The sessile state of plants forces them to adapt to a range of environmental stresses. The effect of thermal stress depends on plant tolerance and its ability to adapt quickly to suboptimal conditions, duration, and intensity. Genotype- and environment-dependent adaptive mechanisms ensure their ability to survive and produce under extreme conditions [16]. Plants have a complex set of sensors in different cellular compartments to activate their defense mechanisms as response to thermal stress. These sensors regulate responses to tolerance development. Thermal stimulus-induced response activation is enabled by the interaction of cofactors and signaling molecules capable of activating thermal stress-sensitive genes such as phytohormones, nitric oxide (NO), sugars (as signaling molecules), and Ca-dependent protein kinases (CDPKs) and mitogen-activated protein kinases (MAPK/MPKs) [17]. For example, the increase in membrane fluidity is associated with the activation of signaling cascades coupled to an increase in Ca²⁺ influx, with consequent cytoskeletal reorganization leading to osmolytes and antioxidants production in response to thermal stress [18].

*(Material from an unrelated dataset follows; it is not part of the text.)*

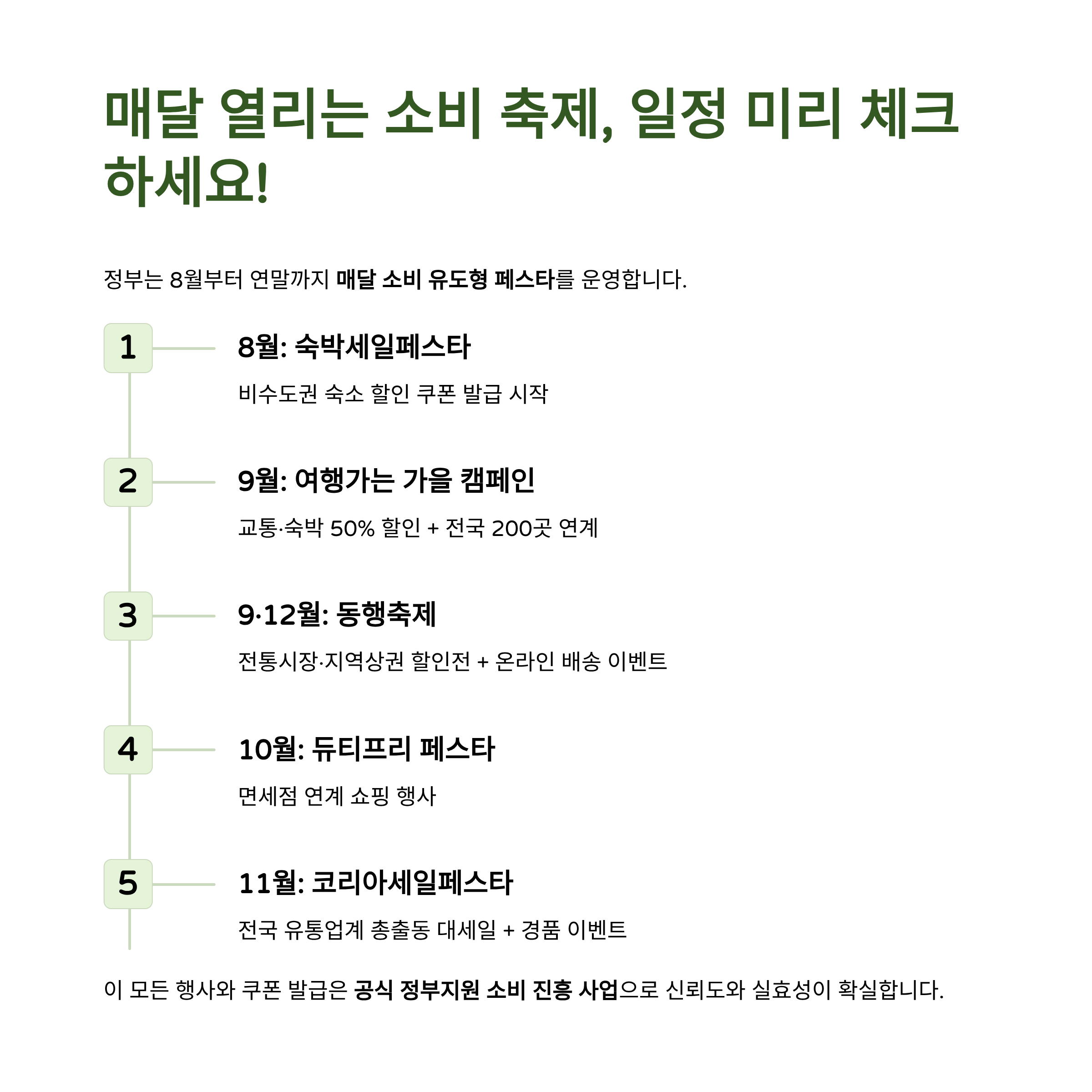정부는 8월부터 연말까지 매달 소비 유도형 페스타를 운영합니다.

Although stress-induced responses are usually multifaceted, life-cycle modification, protective morpho-physiological barriers activation (avoidance or acclimation mechanisms), and the molecular response (tolerance mechanisms) are typical plant reactions to heat stress. Common examples of avoidance and acclimation mechanisms include reducing the absorption of solar radiation by changing leaf orientation (paraheliotropism), reducing water loss by controlling stomatal density, reducing leaf size or abscission, and altering membrane phospholipids [16]. Plants exposed to high thermal stress activate their adaptive response by modifying their morpho-physiological, biochemical, and molecular properties [15,18]. Such stress alters photosynthetic and respiratory processes [19,20,21], impairs flowering and fructification [22,23], reduces enzymatic and chloroplastic activity [24,25], and promotes reactive oxygen species (ROSs) accumulation [26]. As illustrated by Hasanuzzaman et al. [16], high temperatures activate the transcription of heat stress-responsive genes, resulting in the synthesis of signaling molecules; osmoprotectants; nonenzymatic antioxidant compounds such as ascorbate (AsA), glutathione (GHS), tocopherol, and carotene; and enzymatic antioxidant compounds such as catalase (CAT), ascorbate peroxidase (APX), superoxide dismutase (SOD), peroxidase (POX), and glutathione reductase (GR).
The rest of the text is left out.